Deep Video Understanding Queries

Overview

The Deep Video Understanding (DVU) testing queries can be found in the following directory structure:

In addition to the above folders, there is a MOVIE_NAME.entity.types.txt file for each movie which shows the type of each key entity in the movie (persons, locations, animals). Each entity name should have corresponding image examples in the "images" folder. Also, queries at the movie and scene level use those exact same names to refer to persons or entities (locations) in the movie.

All relations between entities (person to person, person to location) are to be selected from the relationship ontology provided:

  1. Please see the movie-level relationships ontology: https://www-nlpir.nist.gov/projects/trecvid/dvu/dvu.development.dataset/movie_knowledge_graph/
  2. Please see the scene-level ontology of relationships, interactions, locations, and sentiments:
    https://www-nlpir.nist.gov/projects/trecvid/dvu/dvu.development.dataset/vocab.dvu.json
    The relationships in this json file includes all relationships in the movie-level relationships ontology
All interactions between persons to each other are to be selected from the vocab.dvu.json file provided. All sentiments of scenes are to be selected from the vocab.dvu.json file provided. Please note that the use of the term "entity" in this file refers to a location in the above entity.types files. A sample XML and DTD will be provided/updated and should be followed to correctly format your run submissions (Please check the website for updates).

Query types

The following is an overview of the movie-level and scene-level query types. Participants can submit runs to either of the movie-level, scene-level or both tracks. Each of the two tracks has 1 optional query type, while all other query types are required by teams participating. Please refer to the task guidelines page for more details:

Movie-level

Movie-level Query type 1 (Optional):

Fill in the part of graph question. The task for systems will be to identify the person / entity labelled Unknown_#. All of Unknown's relations with other people / entities / concepts are listed. In cases where one of these related nodes occurs more than once in the part of graph questions, That node's name has been replaced with <BLANK>. Therefore any nodes labelled <BLANK> are guaranteed to be one of the nodes named in this group of questions. The subject type will always be the source person we are asking about. The predicate will always be that person’s relation with another person, entity, or concept. The subject in this question always contains the Unknown you are being asked to identify.

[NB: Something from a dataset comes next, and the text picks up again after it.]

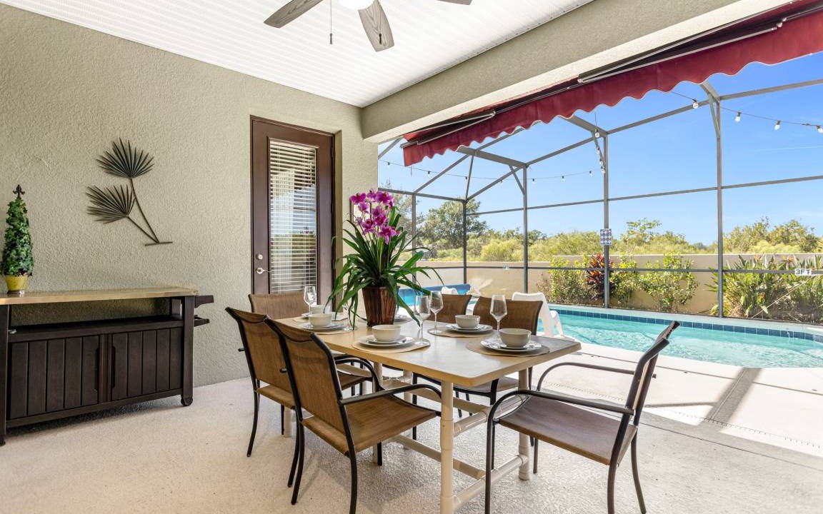 The home itself features a sun drenched back deck with its own private swimming pool. No rear facing neighbors, gives you added privacy plus a garden view. Soak up the Florida sunshine from one of the lounge chairs, or have a snooze in the shade under the umbrella. There's also a poolside dining area, and even an outdoor BBQ grill. When the sun glare gets too intense, the retractable shade and outdoor fan will come in handy!

Movie-level Query type 2 (Required):

Multiple choice questions. The task for systems will be to identify the correct answer for Unknown out of the 6 possible answers provided. The subject type will always be the source person we are asking about. The predicate will always be that person’s relation with another person, entity, or concept. In this question the Unknown you are being asked to identify will always be in either the predicate or object.

**************************************************************************************************************

Scene-level

Scene-level Query type 1 (Optional):

Find the unique scene. Given a full, inclusive list of interactions unique to a specific scene in the movie, teams should find which scene this is. The subject type will always be the scene needed to be identified: Teams will return the scene id, based on the segmented scenes reference files (csv files) and/or segmented movie shots.

Scene-level Query type 2 (Required):

Find next interaction in scene X between person Y and person Z Given a specific scene X and a specific interaction between person Y and person Z, participants will be asked to select either the next interaction between person Y and Person Z in scene X or X + N, from a set of multiple choice options of different interactions. The two persons in this question are always subjects and objects. While the interaction is the predicate.

Scene-level Query type 3 (Required):

Find previous interaction in scene X between person Y and person Z Given a specific scene X and a specific interaction between person Y and person Z, participants will be asked to select either the previous interaction between person Y and Person Z in scene X or X - N, from a set of multiple choice options of different interactions. The two persons in this question are always subjects and objects. While the interaction is the predicate.